Banks fined over $3 billion in foreign exchange probe – USA TODAY

Regulators in the U.K., U.S. and Switzerland imposed civil penalties of over $3 billion Wednesday on banks suspected of manipulating the $5.3-trillion-a-day foreign exchange currency-trading market.

The U.K’s Financial Conduct Authority (FCA) announced it had fined JPMorgan Chase $352 million, Citibank $358 million, HSBC $343 million, the Royal Bank of Scotland $344 million and UBS $371 million.

The Commodity Futures Trading Commission said it had imposed more than $1.4 billion in penalties – $310 million each for Citibank and JPMorgan, $290 million each for the RBS and UBS, and $275 million for HSBC.

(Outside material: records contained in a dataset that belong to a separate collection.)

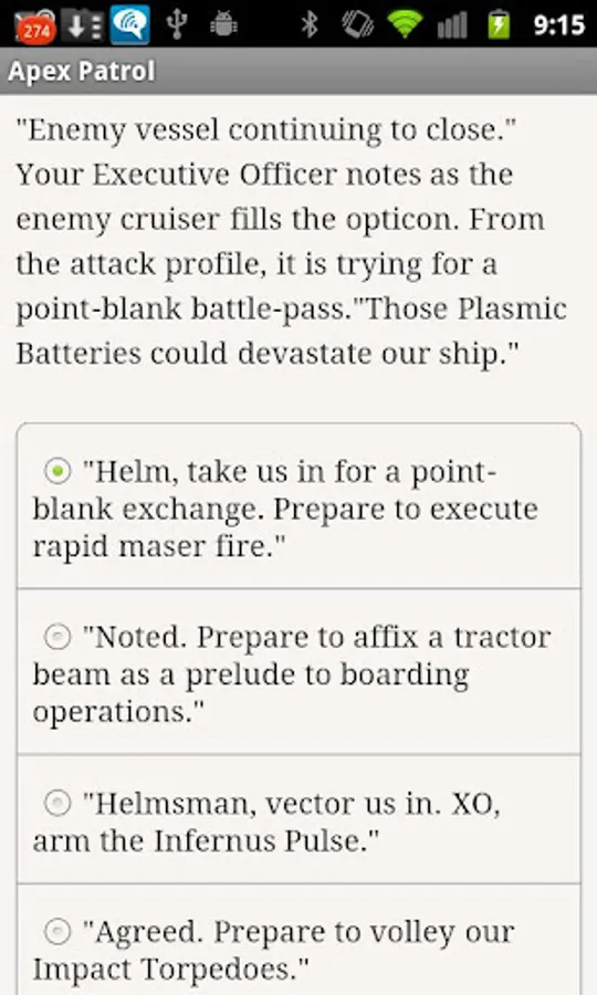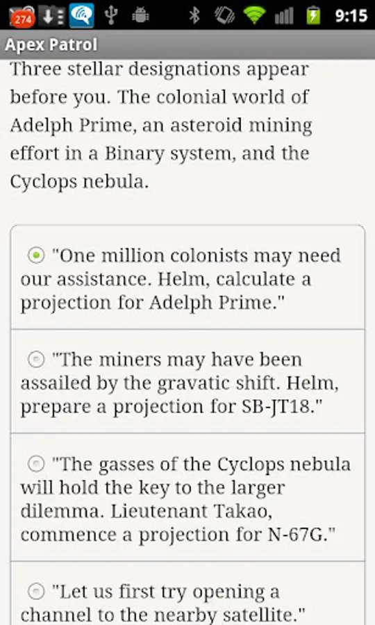 Command a star cruiser! Visit colonial worlds, rescue imperiled vessels, investigate stellar phenomena and prepare your ship to battle a ruthless foe. Only you and your crew can save Earth from utter destruction in this text-based adventure.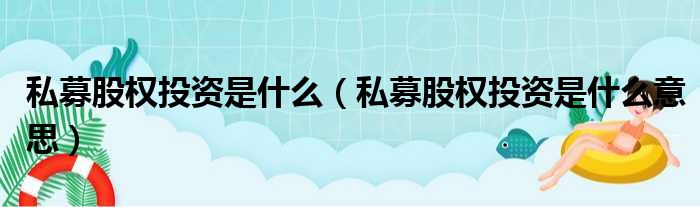 导读 大家好,今天小六子来为大家解答以下的问题,关于私募股权投资是什么,私募股权投资是什么意思这个很多人还不知道,现在让我们一起来看看吧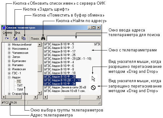 Окно со списком телепараметров можно использовать для переноса адреса и наименования выбранного телепараметра в другие приложения, используя буфер обмена. Для переноса необходимо: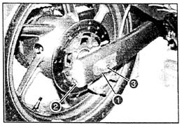 - Den Kettenspanner 2 lösen, anschließend die Radachsmutter 1 abschrauben und die Radachse 3 zur gegenüber liegenden Seite herausziehen.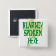 This funny St. Patrick's Day design features the caption "Blarney Spoken Here" on a green shamrock background.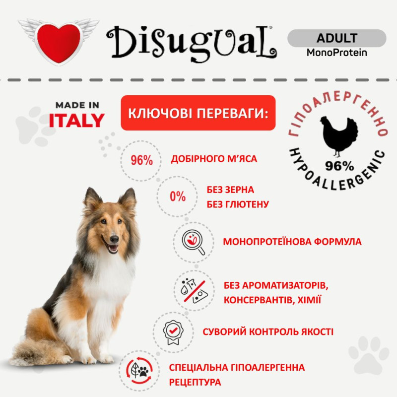 монопротеинового корма холистик для собак Disugual Dog MonoProtein 96% Chicken: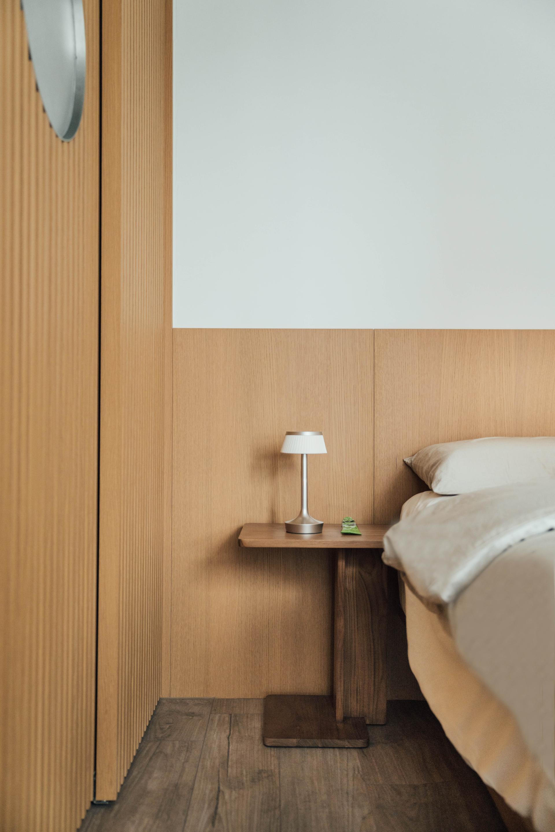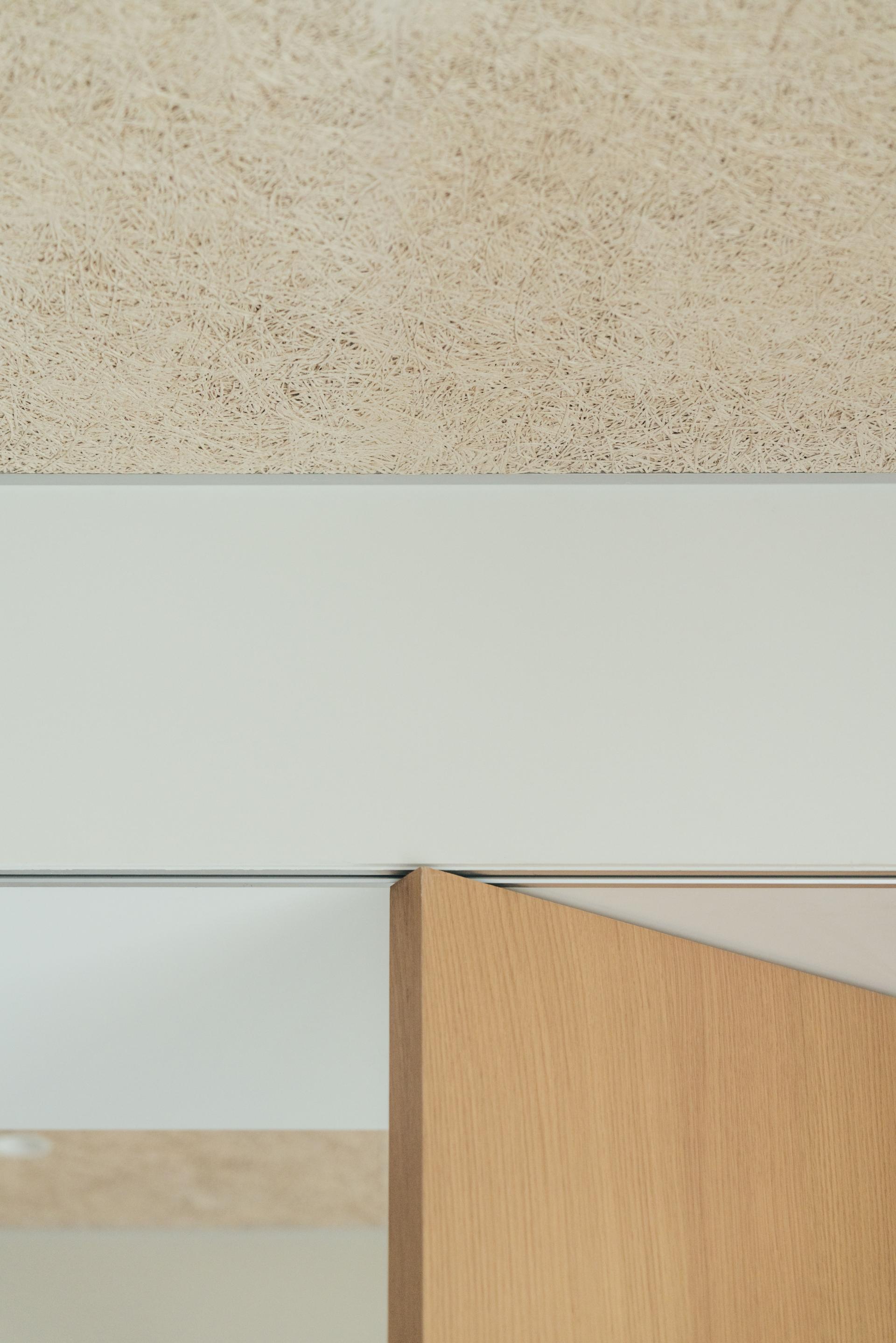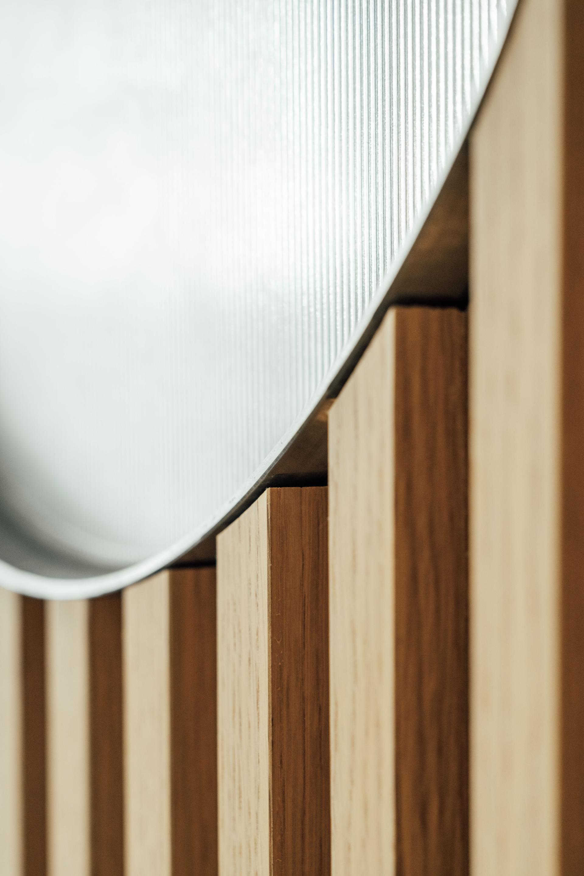 Warm wood tones run throughout the interior, creating a continuous material presence. Fluted surfaces add texture, while stainless steel accents introduce a subtle contrast. A ceiling finish in recycled wood wool panels introduces a softer acoustic layer. The material palette prioritizes accessible, cost-effective materials, complemented by a deliberate spatial approach that defines the overall character of the interior.

Swiss regulator FINMA ordered UBS to pay $139 million (134 million Swiss francs).

The Wall Street Journal said Barclays PLC, which had been in late-stage settlement talks, pulled out at the last minute.

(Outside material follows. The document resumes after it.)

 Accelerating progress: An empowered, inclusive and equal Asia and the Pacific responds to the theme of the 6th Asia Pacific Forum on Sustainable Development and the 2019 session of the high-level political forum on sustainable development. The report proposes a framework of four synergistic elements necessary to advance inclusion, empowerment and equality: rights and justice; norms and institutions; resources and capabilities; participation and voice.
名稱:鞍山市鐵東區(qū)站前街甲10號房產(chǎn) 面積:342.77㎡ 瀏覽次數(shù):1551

The bank told the WSJ in a statement that it had engaged with regulators and considered a settlement on “closely similar terms” to those announced on Wednesday but that after discussions with other regulators and authorities it had decided to seek a “more general coordinated settlement.”

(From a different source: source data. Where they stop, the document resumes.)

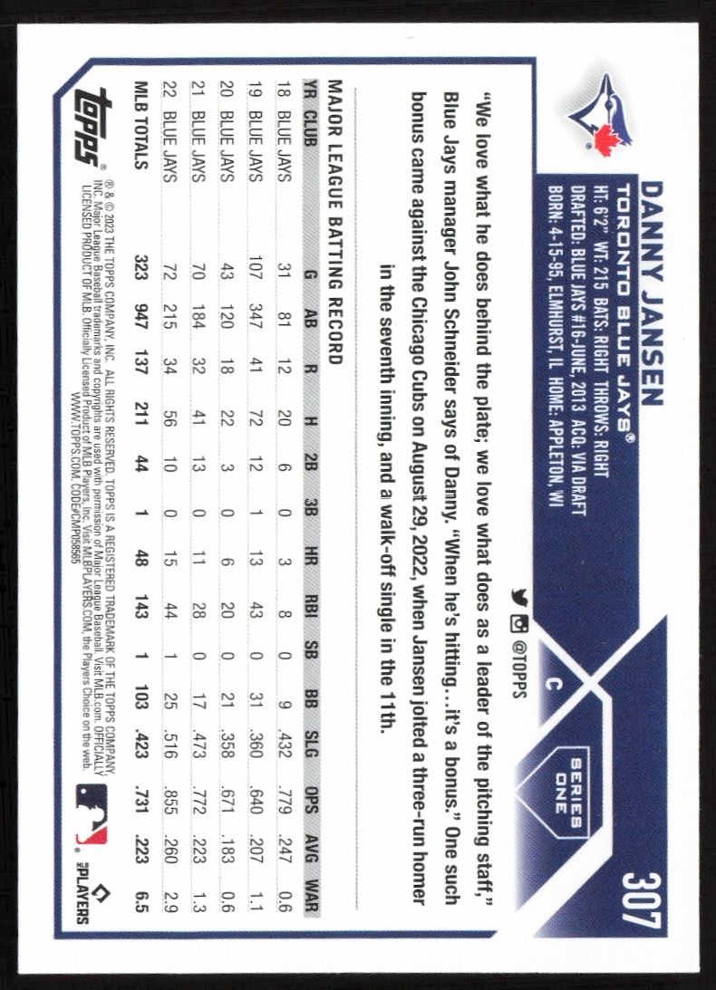 This Baseball card, from 2023 is part of the Topps Series 1 card set. Danny Jansen is featured and has a card number of 307.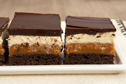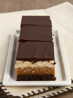 These brownies, my friends, are the perfect choice. They are so much more than brownies, though. There’s caramel and nougat and even more chocolate. The finished brownies are sweet and tall and rich and absolutely gorgeous and delicious!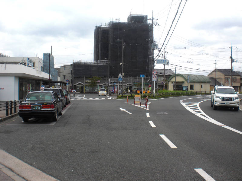 JR京都線 向日町駅の前で斜め右方向(南西)に進路を取る。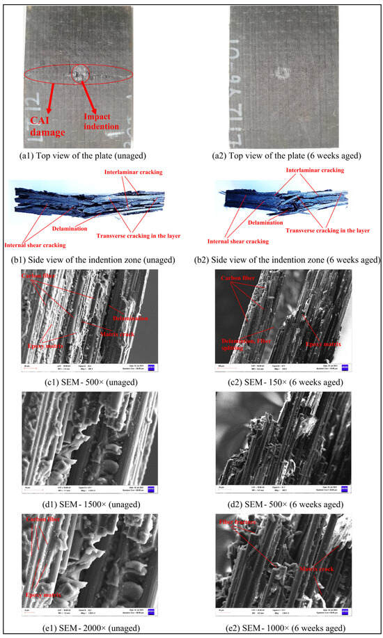 Interlaminar cracking, delamination, internal shear cracking, and transverse cracking in the layer were observed in both unaged and six-week-aged specimens in Figure 7(b1,b2).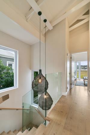 The generous downstairs level is designed for easy flow, with an open-plan lounge, dining space, and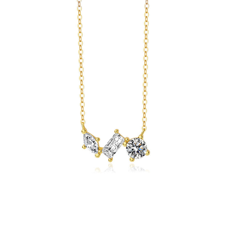 FX1063 925 Sterling Silver Geometry Baguette Marquise Necklaces

The FCA said it would progress its investigation into the firm, and added that it was launching an industry-wide remediation programme to ensure companies address the root causes of the failing and drive up standards.

It said the fines were the largest it, or its predecessor the Financial Services Authority,had ever imposed.

Aitan Goelman, the CFTC’s Director of Enforcement, said: “The setting of a benchmark rate is not simply another opportunity for banks to earn a profit.

“Countless individuals and companies around the world rely on these rates to settle financial contracts, and this reliance is premised on faith in the fundamental integrity of these benchmarks.

“The market only works if people have confidence that the process of setting these benchmarks is fair, not corrupted by manipulation by some of the biggest banks in the world.”


Probes began in mid-2013 over the largely unregulated foreign currency market. Investigators have been examining evidence that traders at several major banks manipulated rates for some of the 160 world currencies that have been calculated and distributed by a joint venture of the WM Co. and Thomson Reuters.

FCA Chief Executive Martin Wheatley told a parliamentary committee hearing in February that evidence of foreign exchange wrongdoing was “every bit as bad” as findings that bank traders had manipulated the London Interbank Offered Rate, or Libor, the international benchmark used to set rates on trillions of dollars in loans, mortgages, credit cards and some derivatives.

Several dozen traders have either been placed on leave or terminated during the investigations, according to numerous media reports.

Other foreign-exchange investigations by additional enforcement agencies and regulators remain pending. JPMorgan Chase confirmed in a Nov. 3 quarterly filing that the New York-based bank was in talks with the U.S. Department of Justice over a criminal investigation of its foreign exchange business.

The probes focus on JPMorgan’s foreign exchange spot trading, as well as its internal controls and supervision of the trading, the bank said.

The New York State Department of Financial Services is conducting a foreign exchange probe.

Several U.S. banks signaled the likelihood of costly settlements in a recent announcements to shareholders.

Bank of America (BAC) recorded a $400 million non-deductible charge on Nov. 6. The nation’s second-largest bank by assets also adjusted its third-quarter financial results to a net loss of $232 million, equivalent to a 4-cent loss on a per-share basis.

The Charlotte, N.C.-based bank said the moves came in response to “advanced discussions with certain U.S. banking regulatory agencies to resolve matters related to its foreign exchange business.”

Similarly, Citigroup surprised investors on Oct. 30 by cutting the New York-based bank’s third-quarter earnings by $600 million to help fund an increased allowance for legal expenses believed linked to the foreign currency investigations.